OLG München – Az.: 34 Wx 302/17 – Beschluss vom 22.12.2017

I. Die Beschwerde des Beteiligten gegen den Beschluss des Amtsgerichts München vom 4. Juli 2017 wird zurückgewiesen.

II. Der Geschäftswert des Beschwerdeverfahrens wird auf 155.250 € festgesetzt.

Gründe

I.

Der Beteiligte ist aufgrund Auflassung vom 22.8.2006 seit 30.6.2011 als Eigentümer der mit dem aufzubietenden Grundpfandrecht belasteten Wohnung im Wohnungseigentumsgrundbuch eingetragen. In der Dritten Abteilung des Grundbuchs ist unter lfd. Nr. 3 seit 15.12.2006 zu seinen Gunsten eine verzinsliche Grundschuld über 155.250 €, für die die Erteilung eines Briefs nicht ausgeschlossen ist, unter Bezugnahme auf die notarielle Bewilligungsurkunde vom 10.11.2006 eingetragen.
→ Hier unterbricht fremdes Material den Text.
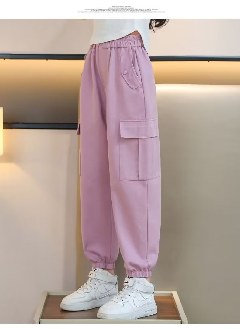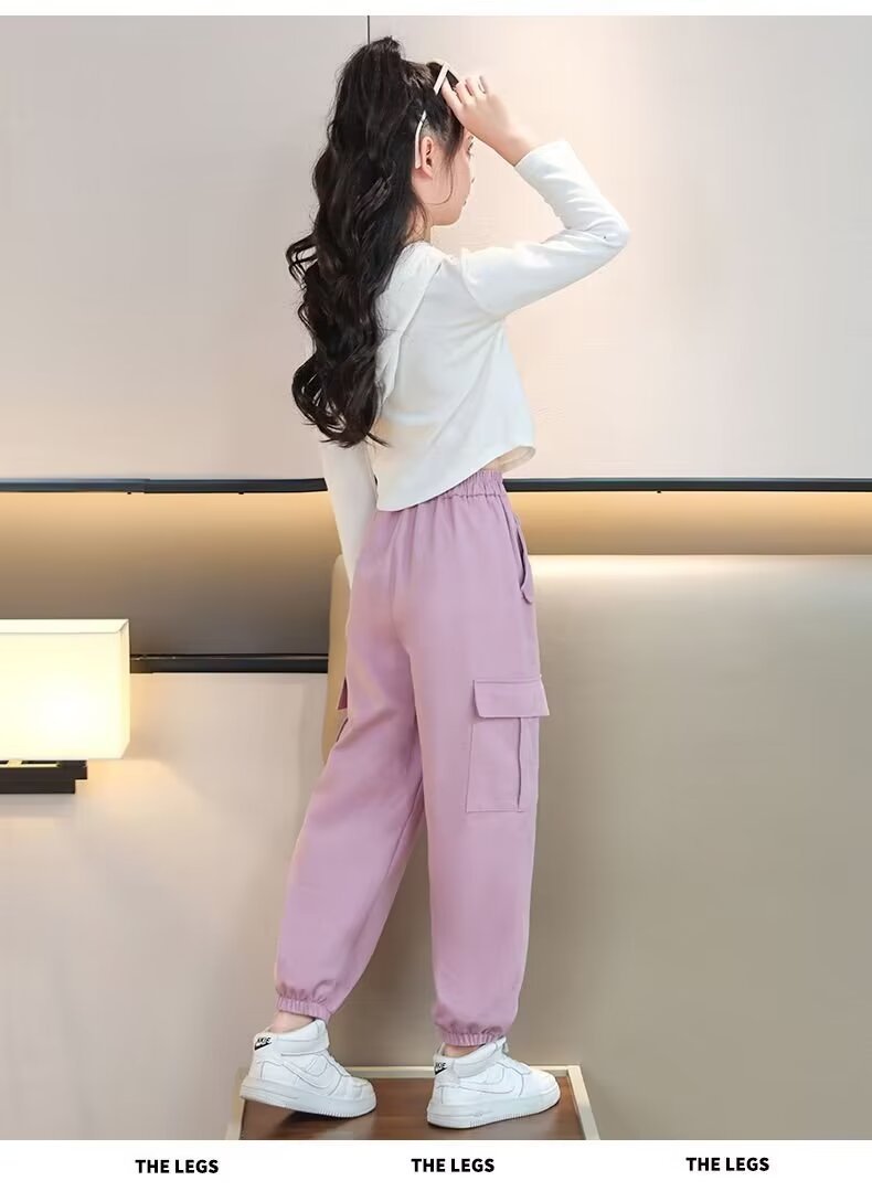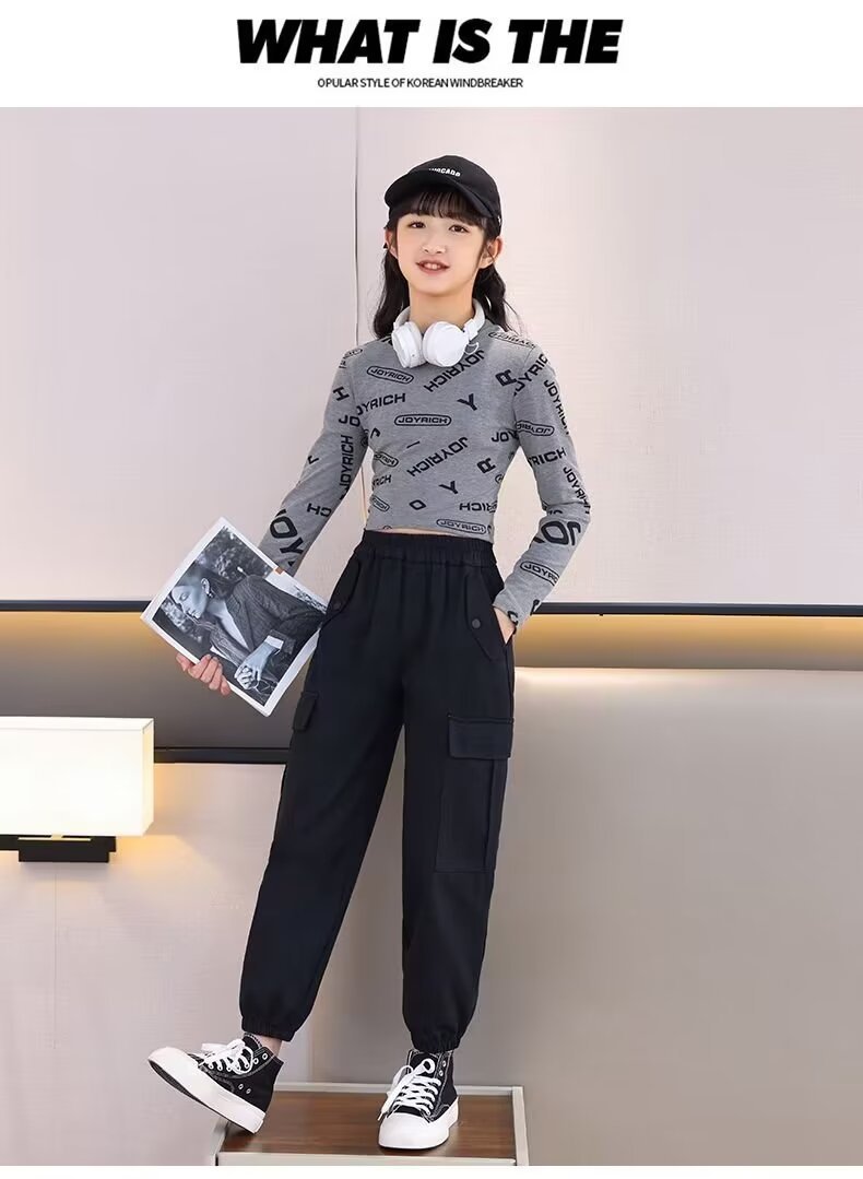 소녀 바지 봄과 가을 얇은 2025 새로운 가을 착용 스포츠 바지 바지 바지 여성용 큰 어린이 크레인 바지 유행 가을스토어 가기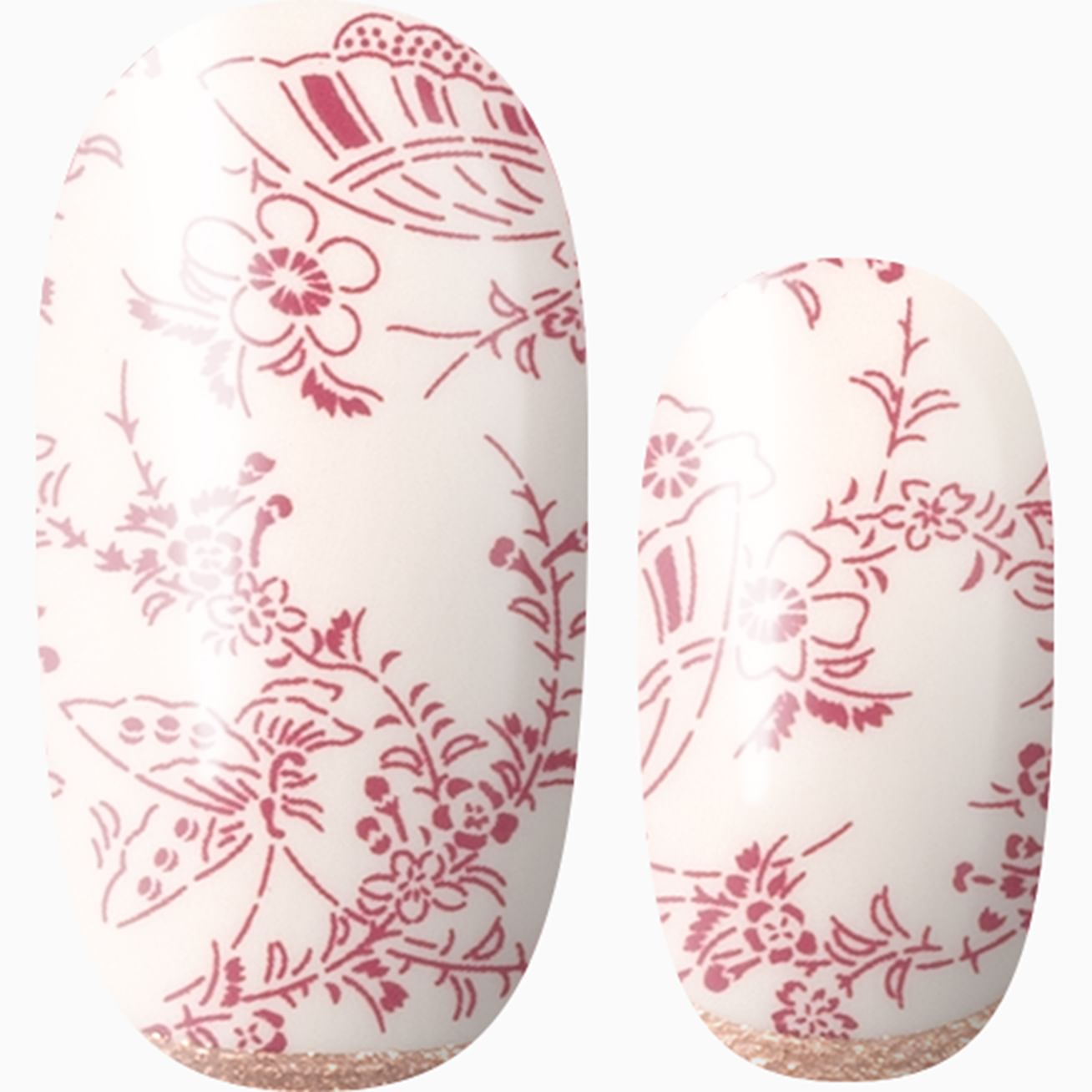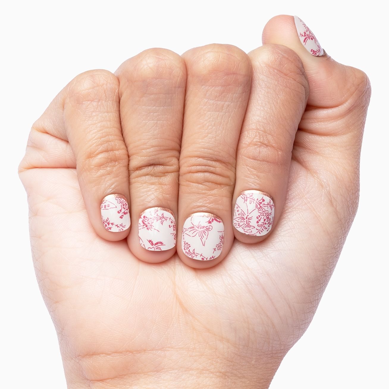 Blushing Petals features a delicate dark-pink floral design set against a light pink glossy background with a sweep of metallic copper just at the cuticle line. Feel cute in minutes with this manicure designed to last for weeks.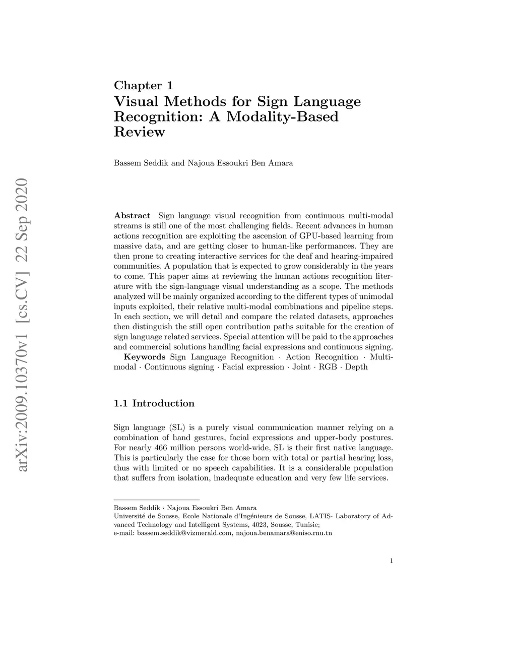Sign language visual recognition from continuous multi-modal streams is still one of the most challenging fields. Recent advances in human actions recognition are exploiting the ascension of GPU-based learning from massive data, and are getting closer to human-like performances. They are then prone to creating interactive services for the deaf and hearing-impaired communities. A population that is expected to grow considerably in the years to come. This paper aims at reviewing the human actions recognition literature with the sign-language visual understanding as a scope. The methods analyzed will be mainly organized according to the different types of unimodal inputs exploited, their relative multi-modal combinations and pipeline steps. In each section, we will detail and compare the related datasets, approaches then distinguish the still open contribution paths suitable for the creation of sign language related services. Special attention will be paid to the approaches and commercial solutions handling facial expressions and continuous signing.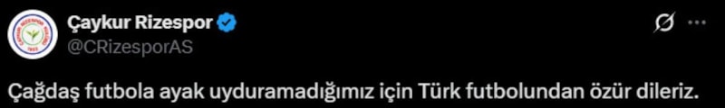 Öte yandan maç sonu bir paylaşım daha yapan Rizespor, hakem Çağdaş Altay'a gönderme yaparak "Çağdaş futbola ayak uyduramadığımız için Türk futbolundan özür dileriz." ifadelerini kullandı.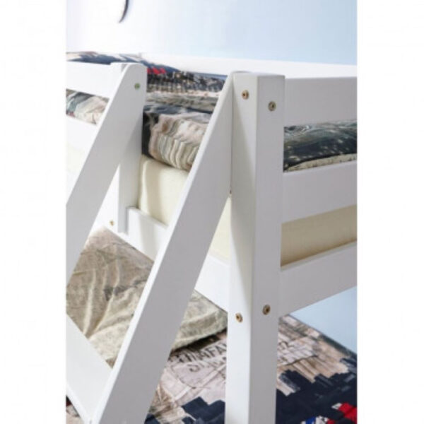 Velik pograd z dvema različno velikima ležiščema. Izdelan je iz masivnega bukovega lesa in je na voljo v povsem beli barvi. Zgornje ležišče je narejeno za vzmetnico velikosti 200×90 cm in ima maksimalno nosilnost 100 kg. Spodnje ležišče je narejeno za vzmetnico velikosti 200×140 cm in ima maksimalno nosilnost 180 kg. Idealna postelja za majhne prostore, ki hkrati omogoči več prostora in varnejše vstajanje s spodnjega ležišča. Letveni pod je vključen z nakupom. Vzmetnice niso priložene!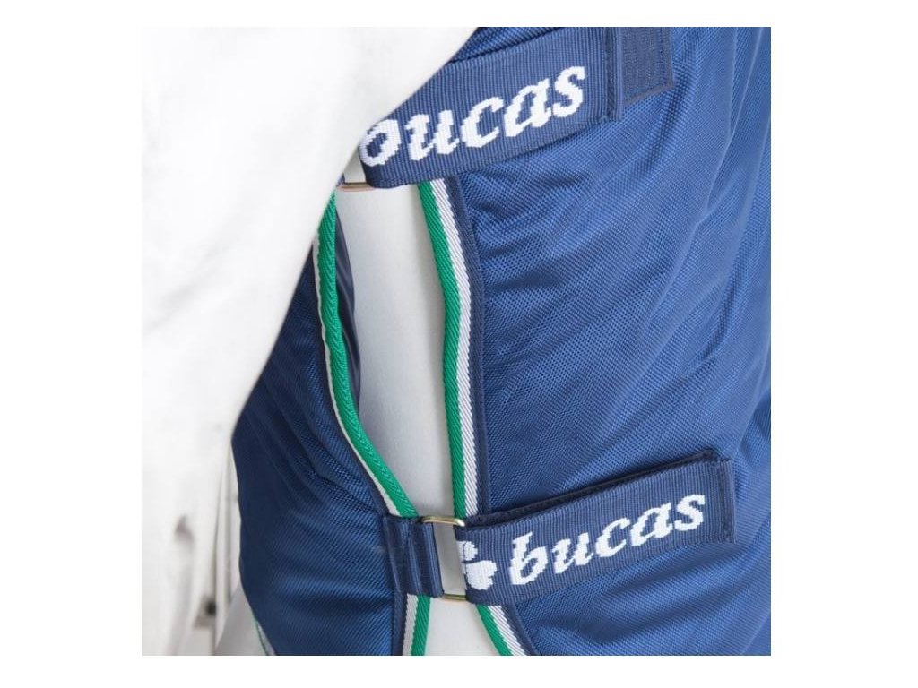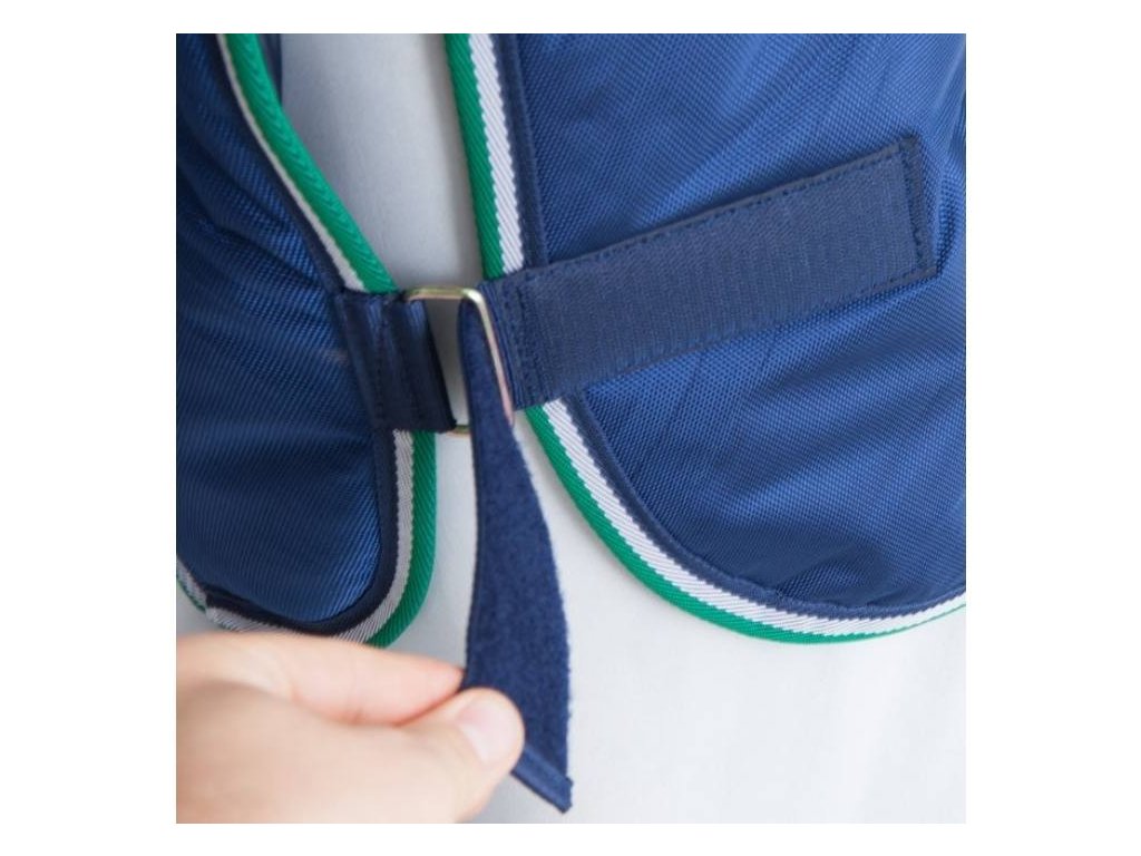 Krční díl je opatřen jednoduchým zapínáním na suché zipy a pomocí suchých zipů se také snadno připíná k dece.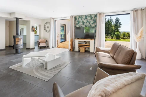 Bright living room : large living room bathed in light thanks to the sliding bay windows, enhanced by an adjustable stove in the center of the room.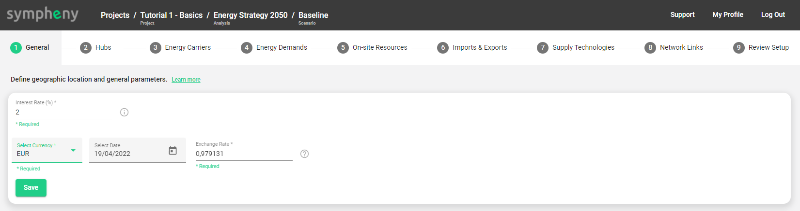 → Interest Rate [%]: The discount rate used to annualize the investment costs of the technology candidates. The same rate is applied to all technologies.
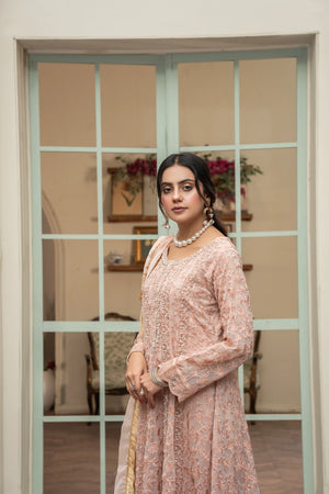 K-169-PEACH Embroidered Chiffon Pret 3Pcs

Mit Anwaltsschriftsatz vom 8.3.2017 beantragte der Beteiligte wegen dieser Grundschuld die Durchführung eines Aufgebotsverfahrens zum Ausschluss unbekannter Gläubiger. Zur Begründung machte er geltend, er habe die als sofort fälliges Recht bestellte Grundschuld zu unterschriftsbeglaubigter Urkunde (ebenfalls) vom 10.11.2006 an eine Gesellschaft in der Rechtsform einer Limited mit Sitz in Kanada abgetreten und werde nun von einer Gesellschaft in der Rechtsform einer GmbH mit Sitz in Deutschland auf Zahlung in Anspruch genommen. Diese berühme sich der Briefgrundschuld unter Verweis auf eine Abtretungsvereinbarung vom 1.3.2016, nach deren Inhalt die Briefgrundschuld von der ersten Zessionarin an eine unter identischer Adresse in Kanada residierende Gesellschaft in der Rechtsform der Corporation (Namenszusatz: Inc.) und von dieser an die sich als Gläubigerin bezeichnende GmbH jeweils unter Übergabe des Grundschuldbriefs abgetreten worden sei. Der aus Anlass der ersten Abtretung an die Zessionarin verschickte Grundschuldbrief sei jedoch nach den – trotz entsprechender Aufforderung nicht näher erläuterten – Angaben der Anspruchstellerin nicht mehr im Original vorhanden; der Verbleib sei ihm, dem Beteiligten, trotz Nachfragen bei der angeblichen Gläubigerin und deren anwaltlichen Vertreter nicht bekannt.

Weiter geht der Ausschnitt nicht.